Synchronous OCR using Gemini Vision API - A rewrite of pyzerox without async/litellm

These details have not been verified by PyPI

Project links

Project description

Zerox Sync

A synchronous Python library for OCR and document extraction using Google's Gemini Vision API. This is a rewrite of pyzerox that removes async wrappers and replaces litellm with direct Gemini API integration.

Features

Synchronous API: No async/await complexity, simple function calls
Direct Gemini Integration: Uses Google's Gemini API directly without litellm dependency
PDF to Markdown: Convert PDFs to structured markdown using vision models
Concurrent Processing: Process multiple pages in parallel using ThreadPoolExecutor
Selective Page Processing: Extract specific pages from PDFs
Format Consistency: Maintain formatting across pages
Simple Setup: Just set GOOGLE_API_KEY and go

Installation

Using uv (Recommended)

uv is a fast Python package installer:

# Install uv if you haven't already
curl -LsSf https://astral.sh/uv/install.sh | sh

# Install zerox-sync
uv pip install zerox-sync

Using pip

pip install zerox-sync

System Dependencies

You'll need poppler installed for PDF processing:

macOS:

brew install poppler

Ubuntu/Debian:

sudo apt-get install poppler-utils

Windows: Download and install from poppler releases

Quick Start

from zerox_sync import zerox
import os

# Set your Gemini API key
os.environ["GOOGLE_API_KEY"] = "your-api-key-here"

# Process a PDF
result = zerox(
    file_path="path/to/document.pdf",
    model="gemini-3-pro",
)

# Access the results
for page in result.pages:
    print(f"Page {page.page}:")
    print(page.content)
    print(f"Length: {page.content_length} chars\n")

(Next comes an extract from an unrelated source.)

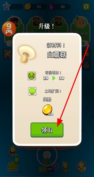 2、升級會解鎖新材料,像白蘑菇,還能增加容量、擴展土地,完成升級后點擊領(lǐng)取獲取獎勵。
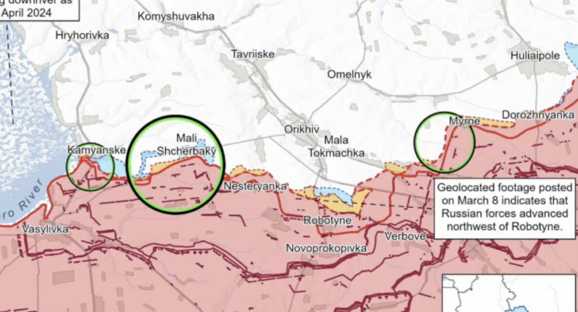 - Геолокационные данные, опубликованные 8 марта, свидетельствуют о том, что российские силы недавно продвинулись на северо-запад от Роботино

print(f"Total time: {result.completion_time}ms")
print(f"Input tokens: {result.input_tokens}")
print(f"Output tokens: {result.output_tokens}")

API Reference

`zerox()`

Main function to perform OCR on a PDF document.

def zerox(
    cleanup: bool = True,
    concurrency: int = 10,
    file_path: str = "",
    image_density: int = 300,
    image_height: tuple = (None, 1056),
    maintain_format: bool = False,
    model: str = "gemini-3-pro",
    output_dir: Optional[str] = None,
    temp_dir: Optional[str] = None,
    custom_system_prompt: Optional[str] = None,
    select_pages: Optional[Union[int, List[int]]] = None,
    **kwargs
) -> ZeroxOutput:

Parameters:

cleanup (bool): Whether to cleanup temporary files after processing (default: True)
concurrency (int): Number of concurrent threads for page processing (default: 10)
file_path (str): Path or URL to the PDF file
image_density (int): DPI for PDF to image conversion (default: 300)
image_height (tuple): Image dimensions as (width, height) (default: (None, 1056))
maintain_format (bool): Maintain consistent formatting across pages (default: False)
model (str): Gemini model to use (default: "gemini-3-pro")
output_dir (Optional[str]): Directory to save markdown output (default: None)
temp_dir (Optional[str]): Directory for temporary files (default: system temp)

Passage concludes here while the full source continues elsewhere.